EuGH-Urteile nicht Berücksichtigung
„Hinzu kommt, dass der Regelungsentwurf die in den vergangenen 20 Jahren ergangene Rechtsprechung des EuGH zu den Fluggastrechten und die darin entwickelten Rechte der Verbraucher nicht ausreichend berücksichtigt. Die EuGH-Rechtsprechung hat in den letzten Jahren maßgeblich zur Stärkung der Fluggastrechte beigetragen“, fügt Wojtal hinzu. Insbesondere spricht sich das ECC-Net dafür aus, sowohl eine Positiv- als auch eine Negativliste der außergewöhnlichen Umstände (also was als außergewöhnlicher Umstand anzusehen ist und was nicht) aufzunehmen, die die bisherige Entscheidungspraxis des Europäischen Gerichtshofes berücksichtigt. Diese dürfen jedoch nicht abschließend sein, um zukünftigen Entwicklungen und Urteilen Rechnung tragen zu können.
Das ECC-Net fordert die EU-Kommission und die Mitgliedstaaten auf, eine Reform im Sinne der Verbraucher umzusetzen. Konkret fordert das Netzwerk:
Beibehaltung der bisherigen Entschädigungsregelungen für Verspätungen, um finanzielle Anreize für pünktliche Flugdurchführungen zu erhalten.
Stärkere Regulierung von Online-Ticketplattformen, um Verbraucher vor Intransparenz und verzögerten Erstattungen zu schützen. Insbesondere das Hin und Her zwischen Vermittlern und Fluggesellschaften bei Entschädigungen müsse beendet werden.
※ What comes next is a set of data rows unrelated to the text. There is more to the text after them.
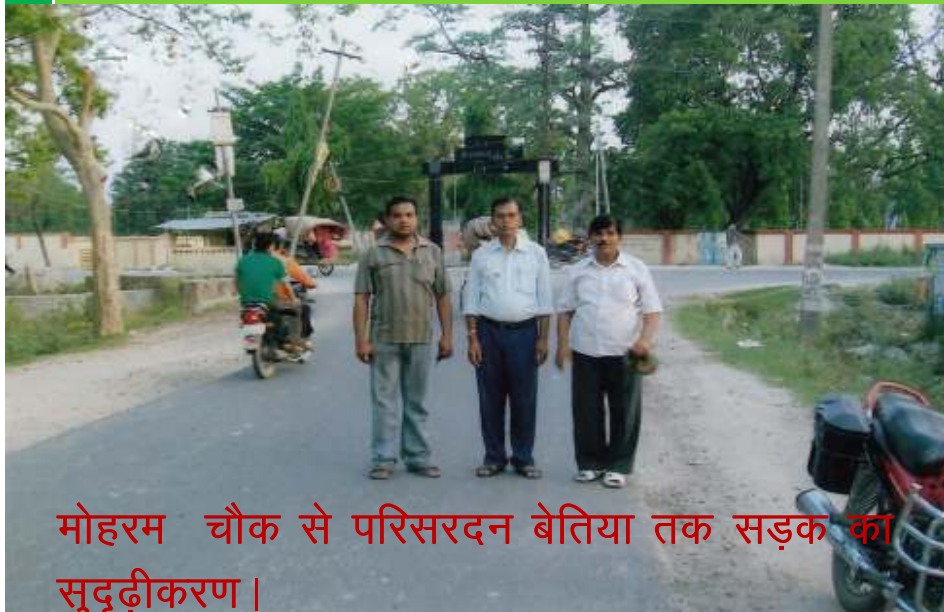
मोहरम चौक से परिसरदन बेतिया तक सड़क का सुदृढीकरण ।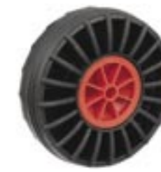
Sidostödhjul i hård gummi Art. nr. 1518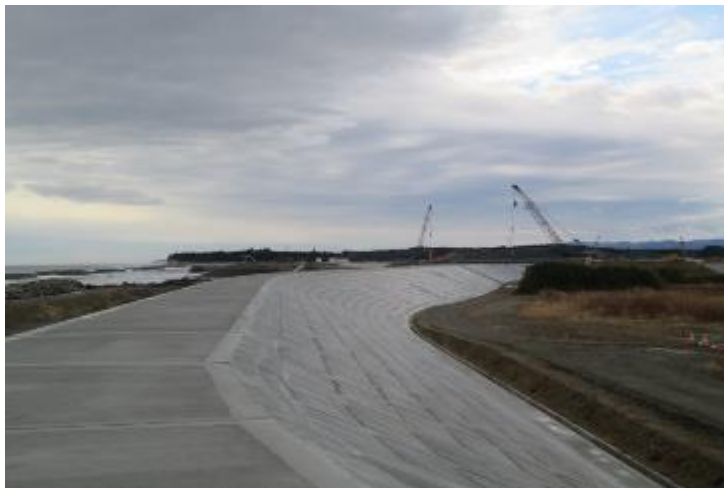
小高区塚原海岸防潮堤 未整備の箇所あり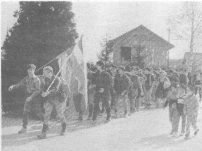
... Pohodniki MPE Ljubo Šercer so z Brezovice krenili na večdnevni pohod Po poteh borb in zmag.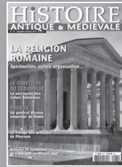
HISTOIRE ANTIQUE Les hommes et les civilisations de l'Antiquité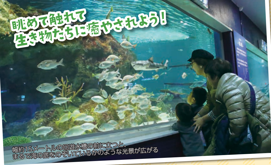
幅約15メートルの回遊水槽の前に立つと、まるで海の底をのぞいているかのような光景が広がる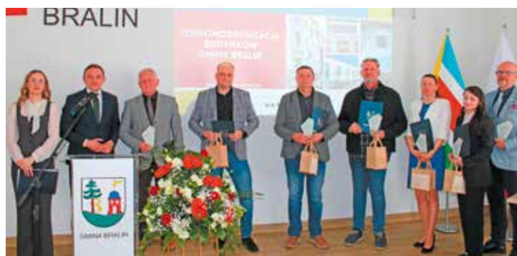
Wręczenie statuetek osobom, które wniosły istotny wkład w realizację inwestycji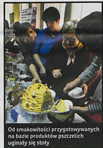
Od smakowitości przygotowywanych na bazie produktów pszczelich ugnęły się stoły

Miód – nazywany płynnym złotem bądź naturalnym antybiotykiem ma działanie bakteriobójcze i antyseptyczne, korzystnie wpływa na przemianę materii, pracę serca, kości i nerwy, a także najszybciej uzupełnia niedobory energetyczne organizmu. Znany był już w starożytności. Stosowano go do leczenia ran, na dolegliwości oczu oraz jako środek wzmacniający. Obecnie ma szerokie zastosowanie w różnych dziedzinach naszego życia, m.in.: w medycynie, kosmetologii i kuchni. Organizatorami II Jarmarku Pszczelar-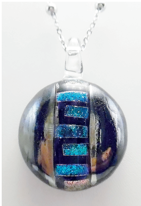
Pendentif collection «Jazzy». Verre filé avec assemblage de verre dichroïque et verre réactif.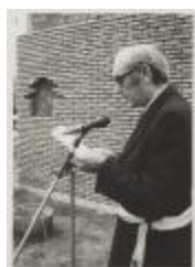
Gemeenteschool Eerste steenlegging 1973 (HKDKSP20120105-008)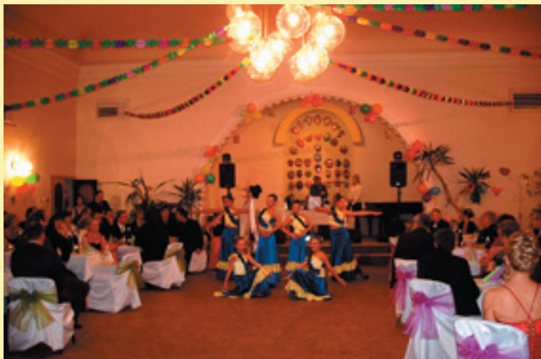
Plesová nálada na druhom fašiangovom ples

Fluggäste sollten die Möglichkeit haben, ihre Ansprüche direkt bei der Airline geltend zu machen.
Verbot von „No-Show“-Klauseln, die dazu führen, dass ein Rück- oder Weiterflug verfällt, wenn der Hinflug nicht angetreten wurde.
Verpflichtung zur schnellstmöglichen Umbuchung auf alternative Verbindungen, auch mit anderen Airlines.
Bessere Insolvenzabsicherung für Airlines, damit Fluggäste im Falle von Zahlungsunfähigkeit nicht leer ausgehen.
Klare Regelungen beim Gepäck: Einheitliche und transparente Entschädigungsrichtlinien für Gepäckverluste und -schäden.
Klare Definitionen für Handgepäck und Aufgabegepäck, um versteckte Gebühren und unklare Regelungen zu vermeiden.
Verpflichtende Teilnahme der Airlines an Schlichtungsverfahren zur außergerichtlichen Beilegung von Streitfällen.
Bessere Durchsetzung der Fluggastrechte durch nationale Behörden, um sicherzustellen, dass Airlines ihre Pflichten nicht umgehen.
Auch wenn das ECC-Net nur die Beibehaltung fordert, reicht das nach Meinung von luckx – das magazin nicht aus. Denn von Mitarbeitern wird immer gefordert, ihre Arbeit zu 100 Prozent zu erfüllen, unbezahlte Überstunden zu leisten und sich ganz in den Dienst des Unternehmens zu stellen. Auch sind aktuell Forderung in den Raum gestellt, die tägliche und wöchentliche Arbeitszeit zu verlängern. So sind Unternehmen, auch wenn sie nicht in Deutschland angesiedelt sind, aber in Deutschland geschäftlich aktiv sind, ebenfalls ihre Leistungen zu 100 Prozent zu erbringen. Wenn nicht, muss nachgearbeitet werden. Das ist bei Flugverspätungen usw. schwer möglich. Also sind Entschädigung fällig. Diese muss deutlich nach oben korrigiert werden, damit die Anbieter lernen, ihre Leistung vertragsgerecht zu erbringen. So wird ein Schuh draus.